The data is published by the Swedish Election Authority as a zipped folder with many xml files. The folder contains files for each of the 290 municipalities (files with 4 digit codes) and each election type, where the final letter in the filename indicates the type of election: R=national parliament, L=county council, K=municipal council (for county councils there is only 289 municipalities). The folder also contains 3 XML files for total results at the national level for each of the three election types. I've managed to read the files into R with the following code:
library(xml2)
library(tidyverse)
tf <- tempfile(tmpdir = tdir <- tempdir())
download.file("https://data.val.se/val/val2014/valnatt/valnatt.zip", tf)

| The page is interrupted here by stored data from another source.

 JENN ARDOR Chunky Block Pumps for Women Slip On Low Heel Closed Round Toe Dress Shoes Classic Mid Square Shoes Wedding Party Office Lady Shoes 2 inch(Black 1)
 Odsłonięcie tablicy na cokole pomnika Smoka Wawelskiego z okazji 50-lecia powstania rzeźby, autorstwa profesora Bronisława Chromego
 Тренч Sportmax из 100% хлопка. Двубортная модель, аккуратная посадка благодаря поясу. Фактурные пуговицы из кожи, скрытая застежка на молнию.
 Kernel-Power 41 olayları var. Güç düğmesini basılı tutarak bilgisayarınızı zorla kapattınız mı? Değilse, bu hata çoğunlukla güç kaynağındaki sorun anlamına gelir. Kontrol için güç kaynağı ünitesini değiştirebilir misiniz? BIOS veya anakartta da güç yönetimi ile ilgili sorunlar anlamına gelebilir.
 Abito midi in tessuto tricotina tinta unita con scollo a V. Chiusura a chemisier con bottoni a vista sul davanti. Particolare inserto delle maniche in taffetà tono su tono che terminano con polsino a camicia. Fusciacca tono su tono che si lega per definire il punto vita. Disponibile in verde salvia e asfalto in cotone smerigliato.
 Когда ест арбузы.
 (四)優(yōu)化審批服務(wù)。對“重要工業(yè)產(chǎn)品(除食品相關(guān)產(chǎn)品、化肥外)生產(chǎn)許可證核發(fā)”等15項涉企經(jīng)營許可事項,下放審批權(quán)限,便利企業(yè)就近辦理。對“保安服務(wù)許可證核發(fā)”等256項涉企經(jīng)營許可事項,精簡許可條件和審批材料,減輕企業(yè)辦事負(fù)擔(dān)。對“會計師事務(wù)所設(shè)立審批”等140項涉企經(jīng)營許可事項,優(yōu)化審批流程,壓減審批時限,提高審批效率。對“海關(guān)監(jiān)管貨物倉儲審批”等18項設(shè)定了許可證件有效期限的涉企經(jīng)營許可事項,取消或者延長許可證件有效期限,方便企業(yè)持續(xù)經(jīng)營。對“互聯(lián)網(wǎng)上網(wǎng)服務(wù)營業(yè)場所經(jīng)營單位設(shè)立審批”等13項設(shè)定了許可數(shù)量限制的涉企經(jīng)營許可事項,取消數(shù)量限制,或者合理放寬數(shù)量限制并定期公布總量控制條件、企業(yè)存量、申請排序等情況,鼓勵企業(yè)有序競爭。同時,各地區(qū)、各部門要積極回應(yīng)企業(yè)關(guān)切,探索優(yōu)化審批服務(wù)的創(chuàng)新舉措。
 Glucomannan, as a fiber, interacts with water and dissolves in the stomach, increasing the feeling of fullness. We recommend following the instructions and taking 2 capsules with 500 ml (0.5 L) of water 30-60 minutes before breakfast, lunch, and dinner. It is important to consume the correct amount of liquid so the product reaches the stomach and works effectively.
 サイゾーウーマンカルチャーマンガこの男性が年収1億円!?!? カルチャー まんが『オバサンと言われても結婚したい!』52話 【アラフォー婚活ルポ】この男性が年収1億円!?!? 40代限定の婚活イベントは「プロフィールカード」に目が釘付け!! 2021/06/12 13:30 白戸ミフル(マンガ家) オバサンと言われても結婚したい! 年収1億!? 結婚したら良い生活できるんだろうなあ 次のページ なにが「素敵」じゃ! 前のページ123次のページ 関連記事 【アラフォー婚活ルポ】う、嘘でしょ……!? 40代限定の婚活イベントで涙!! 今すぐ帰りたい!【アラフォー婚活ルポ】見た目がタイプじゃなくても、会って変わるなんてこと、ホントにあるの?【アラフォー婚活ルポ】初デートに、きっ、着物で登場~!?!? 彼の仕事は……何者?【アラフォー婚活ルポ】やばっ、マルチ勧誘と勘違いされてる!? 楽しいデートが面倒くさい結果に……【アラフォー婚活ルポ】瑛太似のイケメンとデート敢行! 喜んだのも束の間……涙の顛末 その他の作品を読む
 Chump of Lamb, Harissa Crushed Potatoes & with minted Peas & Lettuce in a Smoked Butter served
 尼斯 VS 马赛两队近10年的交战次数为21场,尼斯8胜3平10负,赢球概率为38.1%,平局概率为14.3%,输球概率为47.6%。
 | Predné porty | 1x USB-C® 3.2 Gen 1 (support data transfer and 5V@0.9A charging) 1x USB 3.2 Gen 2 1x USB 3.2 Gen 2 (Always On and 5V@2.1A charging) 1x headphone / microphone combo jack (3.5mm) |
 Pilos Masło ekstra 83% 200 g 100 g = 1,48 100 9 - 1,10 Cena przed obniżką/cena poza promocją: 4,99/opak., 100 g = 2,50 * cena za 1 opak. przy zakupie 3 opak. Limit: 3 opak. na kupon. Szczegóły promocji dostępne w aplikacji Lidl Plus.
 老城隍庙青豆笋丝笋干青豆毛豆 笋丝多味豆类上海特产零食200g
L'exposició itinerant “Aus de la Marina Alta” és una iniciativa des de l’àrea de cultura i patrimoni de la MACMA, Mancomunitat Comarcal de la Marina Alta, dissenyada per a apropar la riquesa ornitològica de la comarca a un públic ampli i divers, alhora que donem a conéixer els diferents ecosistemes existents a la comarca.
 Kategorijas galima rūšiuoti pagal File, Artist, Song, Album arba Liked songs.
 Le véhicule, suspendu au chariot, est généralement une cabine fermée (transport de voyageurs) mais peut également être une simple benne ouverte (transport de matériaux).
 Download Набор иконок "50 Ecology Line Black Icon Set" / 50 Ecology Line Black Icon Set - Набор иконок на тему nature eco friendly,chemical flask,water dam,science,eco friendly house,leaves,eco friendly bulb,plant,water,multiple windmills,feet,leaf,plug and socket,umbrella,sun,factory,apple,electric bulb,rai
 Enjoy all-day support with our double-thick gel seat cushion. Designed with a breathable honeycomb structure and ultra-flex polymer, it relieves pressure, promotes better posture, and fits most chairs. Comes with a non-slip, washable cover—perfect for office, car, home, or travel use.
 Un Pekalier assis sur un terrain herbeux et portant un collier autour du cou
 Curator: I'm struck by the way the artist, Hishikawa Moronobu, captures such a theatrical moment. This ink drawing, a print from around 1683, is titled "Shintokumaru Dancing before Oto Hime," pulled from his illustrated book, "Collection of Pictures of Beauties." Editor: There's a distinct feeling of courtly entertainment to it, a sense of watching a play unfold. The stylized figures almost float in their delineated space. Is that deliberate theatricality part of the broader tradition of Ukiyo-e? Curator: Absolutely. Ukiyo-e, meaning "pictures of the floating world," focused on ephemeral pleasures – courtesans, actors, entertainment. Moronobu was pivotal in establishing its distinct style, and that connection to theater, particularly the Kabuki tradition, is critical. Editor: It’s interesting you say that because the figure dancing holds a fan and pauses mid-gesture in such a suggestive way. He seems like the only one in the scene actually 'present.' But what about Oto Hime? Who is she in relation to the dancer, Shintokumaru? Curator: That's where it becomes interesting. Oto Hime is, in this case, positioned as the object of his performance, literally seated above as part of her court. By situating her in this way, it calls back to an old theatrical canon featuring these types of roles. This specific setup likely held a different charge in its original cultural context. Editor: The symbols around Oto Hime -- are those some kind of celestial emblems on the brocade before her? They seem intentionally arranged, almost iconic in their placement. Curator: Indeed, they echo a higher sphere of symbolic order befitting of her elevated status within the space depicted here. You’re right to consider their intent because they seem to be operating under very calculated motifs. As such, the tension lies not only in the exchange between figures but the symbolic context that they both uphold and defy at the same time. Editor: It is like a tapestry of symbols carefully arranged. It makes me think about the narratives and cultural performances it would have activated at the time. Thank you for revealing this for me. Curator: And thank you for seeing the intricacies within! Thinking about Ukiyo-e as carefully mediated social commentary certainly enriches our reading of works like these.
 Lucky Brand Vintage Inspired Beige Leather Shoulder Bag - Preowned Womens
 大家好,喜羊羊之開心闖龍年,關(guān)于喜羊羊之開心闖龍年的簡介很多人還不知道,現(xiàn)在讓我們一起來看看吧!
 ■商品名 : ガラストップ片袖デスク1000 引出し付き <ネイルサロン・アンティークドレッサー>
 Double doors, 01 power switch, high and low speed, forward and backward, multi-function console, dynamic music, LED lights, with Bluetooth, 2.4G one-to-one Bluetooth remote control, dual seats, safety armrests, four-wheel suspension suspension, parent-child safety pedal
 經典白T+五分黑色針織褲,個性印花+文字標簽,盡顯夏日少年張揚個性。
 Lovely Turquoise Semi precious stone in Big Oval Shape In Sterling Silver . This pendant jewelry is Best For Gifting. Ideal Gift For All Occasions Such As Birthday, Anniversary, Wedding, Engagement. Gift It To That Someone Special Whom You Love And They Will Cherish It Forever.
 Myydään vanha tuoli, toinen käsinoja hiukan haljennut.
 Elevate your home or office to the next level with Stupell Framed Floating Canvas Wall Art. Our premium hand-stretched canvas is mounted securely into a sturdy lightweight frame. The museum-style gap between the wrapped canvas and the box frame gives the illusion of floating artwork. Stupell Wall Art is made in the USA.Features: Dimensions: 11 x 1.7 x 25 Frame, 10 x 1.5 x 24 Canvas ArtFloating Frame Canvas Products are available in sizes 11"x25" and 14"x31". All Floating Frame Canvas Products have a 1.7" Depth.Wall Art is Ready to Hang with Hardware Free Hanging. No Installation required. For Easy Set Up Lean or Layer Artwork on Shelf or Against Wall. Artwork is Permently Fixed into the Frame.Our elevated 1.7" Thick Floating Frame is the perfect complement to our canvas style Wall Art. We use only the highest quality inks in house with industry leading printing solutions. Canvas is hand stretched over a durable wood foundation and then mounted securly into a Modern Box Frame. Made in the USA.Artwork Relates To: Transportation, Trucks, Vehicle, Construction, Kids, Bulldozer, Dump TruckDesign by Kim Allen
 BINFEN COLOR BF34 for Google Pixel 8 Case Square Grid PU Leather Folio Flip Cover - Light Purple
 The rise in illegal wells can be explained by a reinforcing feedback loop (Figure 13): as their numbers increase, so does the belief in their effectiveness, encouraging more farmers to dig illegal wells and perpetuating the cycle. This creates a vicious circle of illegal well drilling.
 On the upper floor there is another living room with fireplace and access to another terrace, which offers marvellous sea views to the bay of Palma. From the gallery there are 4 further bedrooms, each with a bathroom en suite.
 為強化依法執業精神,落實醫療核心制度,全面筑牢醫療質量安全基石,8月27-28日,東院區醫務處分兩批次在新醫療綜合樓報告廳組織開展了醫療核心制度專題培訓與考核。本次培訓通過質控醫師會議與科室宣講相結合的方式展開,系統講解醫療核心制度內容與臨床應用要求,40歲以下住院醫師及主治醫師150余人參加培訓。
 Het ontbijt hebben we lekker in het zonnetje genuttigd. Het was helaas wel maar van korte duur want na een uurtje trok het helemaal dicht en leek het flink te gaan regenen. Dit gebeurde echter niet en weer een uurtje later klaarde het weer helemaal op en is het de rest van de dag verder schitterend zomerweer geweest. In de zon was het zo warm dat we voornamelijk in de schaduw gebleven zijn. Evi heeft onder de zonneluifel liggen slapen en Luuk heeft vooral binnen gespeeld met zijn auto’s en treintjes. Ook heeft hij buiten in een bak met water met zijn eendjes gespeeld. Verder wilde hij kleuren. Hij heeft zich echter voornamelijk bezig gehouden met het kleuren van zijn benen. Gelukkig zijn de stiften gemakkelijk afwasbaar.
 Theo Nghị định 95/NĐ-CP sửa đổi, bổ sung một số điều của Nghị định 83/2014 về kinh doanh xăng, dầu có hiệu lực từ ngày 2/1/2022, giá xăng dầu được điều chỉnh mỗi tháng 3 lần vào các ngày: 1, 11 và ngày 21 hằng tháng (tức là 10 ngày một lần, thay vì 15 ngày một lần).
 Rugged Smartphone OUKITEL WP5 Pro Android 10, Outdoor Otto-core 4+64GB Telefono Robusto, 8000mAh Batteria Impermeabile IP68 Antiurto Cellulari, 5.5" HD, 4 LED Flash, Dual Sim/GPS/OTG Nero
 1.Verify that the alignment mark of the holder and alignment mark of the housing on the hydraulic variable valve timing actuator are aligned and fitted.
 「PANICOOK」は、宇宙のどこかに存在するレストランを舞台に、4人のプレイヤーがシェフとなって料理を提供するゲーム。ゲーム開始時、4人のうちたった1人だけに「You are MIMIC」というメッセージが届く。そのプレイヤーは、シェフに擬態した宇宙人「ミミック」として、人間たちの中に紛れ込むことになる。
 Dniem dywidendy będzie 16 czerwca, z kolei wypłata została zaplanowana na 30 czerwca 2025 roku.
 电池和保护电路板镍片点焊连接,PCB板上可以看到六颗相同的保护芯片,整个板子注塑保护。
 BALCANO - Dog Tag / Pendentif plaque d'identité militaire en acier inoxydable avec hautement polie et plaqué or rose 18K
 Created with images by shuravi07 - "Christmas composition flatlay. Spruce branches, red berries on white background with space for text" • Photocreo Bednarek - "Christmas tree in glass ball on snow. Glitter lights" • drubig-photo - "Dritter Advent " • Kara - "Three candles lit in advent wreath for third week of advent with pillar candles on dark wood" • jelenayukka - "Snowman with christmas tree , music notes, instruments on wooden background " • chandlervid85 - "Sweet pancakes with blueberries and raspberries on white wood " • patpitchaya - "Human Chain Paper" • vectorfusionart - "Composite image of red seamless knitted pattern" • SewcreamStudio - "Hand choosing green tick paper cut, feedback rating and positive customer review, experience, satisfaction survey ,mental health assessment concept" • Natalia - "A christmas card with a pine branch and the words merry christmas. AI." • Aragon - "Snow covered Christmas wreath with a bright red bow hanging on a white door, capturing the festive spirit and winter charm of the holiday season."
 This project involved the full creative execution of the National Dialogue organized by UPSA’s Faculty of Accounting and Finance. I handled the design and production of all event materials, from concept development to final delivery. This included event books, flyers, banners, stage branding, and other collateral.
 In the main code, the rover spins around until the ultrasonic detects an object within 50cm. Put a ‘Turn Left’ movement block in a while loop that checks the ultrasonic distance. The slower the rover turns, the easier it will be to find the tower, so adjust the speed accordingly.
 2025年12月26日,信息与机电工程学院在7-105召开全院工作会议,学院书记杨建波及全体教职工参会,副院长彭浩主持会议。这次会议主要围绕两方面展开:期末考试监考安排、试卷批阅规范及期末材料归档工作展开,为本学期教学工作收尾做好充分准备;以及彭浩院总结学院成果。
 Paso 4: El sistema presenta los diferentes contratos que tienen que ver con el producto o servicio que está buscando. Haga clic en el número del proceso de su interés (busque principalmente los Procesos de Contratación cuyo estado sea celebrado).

xml_files <- unzip(tf, exdir = tdir)
The XML files with municipal data have the following structure (lines deleted for clarity):
<?xml version="1.0" encoding="ISO-8859-1"?>
<?xml-stylesheet type="text/html"?>
<!DOCTYPE VAL PUBLIC "-//Valmyndigheten//DTD Valresultat parti kommun 1.5//SV" "http://www.val.se/dtd/resultat/parti_kommun_1_5.dtd">
<VAL TILLFÄLLE="Allmänna val 14 september 2014" FILNAMN="valnatt_0114R.xml" RAPPORTERING="VALNATTSRAPPORTERING" VALTYP="Riksdagsval" VALDAG="20140914" VALDAG_FGVAL="20100919" TID_RAPPORT="20140916105203">
<PARTI FÖRKORTNING="M" BETECKNING="Moderaterna" FÄRG="#66BEE6" />
<KOMMUN KOD="0114" NAMN="Upplands Väsby" TYP="Summering" KLARA_VALDISTRIKT="22" ALLA_VALDISTRIKT="22" RÖSTER="23638" RÖSTER_FGVAL="22215" TID_RAPPORT="20140914230336" MODNR="117144935">
<GILTIGA PARTI="M" RÖSTER="6748" RÖSTER_FGVAL="8201" PROCENT="28,5" PROCENT_FGVAL="36,9" PROCENT_ÄNDRING="-8,4"/>
<GILTIGA PARTI="C" RÖSTER="901" RÖSTER_FGVAL="891" PROCENT="3,8" PROCENT_FGVAL="4,0" PROCENT_ÄNDRING="-0,2"/>
<KRETS_KOMMUN KOD="011401" NAMN="Norra valkretsen" TYP="Summering" KLARA_VALDISTRIKT="12" ALLA_VALDISTRIKT="12" RÖSTER="11907" RÖSTER_FGVAL="11202" TID_RAPPORT="20140914222651" MODNR="117118974">
<GILTIGA PARTI="M" RÖSTER="3083" RÖSTER_FGVAL="3860" PROCENT="25,9" PROCENT_FGVAL="34,5" PROCENT_ÄNDRING="-8,6"/>
<GILTIGA PARTI="C" RÖSTER="440" RÖSTER_FGVAL="431" PROCENT="3,7" PROCENT_FGVAL="3,8" PROCENT_ÄNDRING="-0,2"/>
<VALDISTRIKT KOD="01140212" NAMN="Smedby Södra" RÖSTER="1201" RÖSTER_FGVAL="1186" TID_RAPPORT="20140914230336" MODNR="117144935">
<GILTIGA PARTI="M" RÖSTER="227" RÖSTER_FGVAL="336" PROCENT="18,9" PROCENT_FGVAL="28,3" PROCENT_ÄNDRING="-9,4"/>
<GILTIGA PARTI="C" RÖSTER="35" RÖSTER_FGVAL="17" PROCENT="2,9" PROCENT_FGVAL="1,4" PROCENT_ÄNDRING="+1,5"/>
<GILTIGA PARTI="FP" RÖSTER="43" RÖSTER_FGVAL="61" PROCENT="3,6" PROCENT_FGVAL="5,1" PROCENT_ÄNDRING="-1,6"/>
<ÖVRIGA_GILTIGA RÖSTER="20" RÖSTER_FGVAL="10" PROCENT="1,7" PROCENT_FGVAL="0,8" PROCENT_ÄNDRING="+0,8"/>
<OGILTIGA TEXT="BLANK" RÖSTER="12" RÖSTER_FGVAL="13" PROCENT="1,0" PROCENT_FGVAL="1,1" PROCENT_ÄNDRING="-0,1"/>
<OGILTIGA TEXT="OG" RÖSTER="13" RÖSTER_FGVAL="1" PROCENT="1,1" PROCENT_FGVAL="0,1" PROCENT_ÄNDRING="+1,0"/>
<VALDELTAGANDE RÖSTBERÄTTIGADE="1551" RÖSTBERÄTTIGADE_KLARA_VALDISTRIKT_FGVAL="1546" SUMMA_RÖSTER="1226" SUMMA_RÖSTER_FGVAL="1200" PROCENT="79,0" PROCENT_FGVAL="77,6" PROCENT_ÄNDRING="+1,4"/>
</VALDISTRIKT>
</KRETS_KOMMUN>
Now, I would like for each file to get the data at the VALDISTRIKT nodes and below and create a data frame. For a specific file, I have managed to get the data I want into two separate data frames with the following code, where data frame top
includes the information directly after VALDISTRIKT (i.e. KOD, NAMN,...,MODNR), and the data frame below
includes the information in the nodes below VALDISTRIKT.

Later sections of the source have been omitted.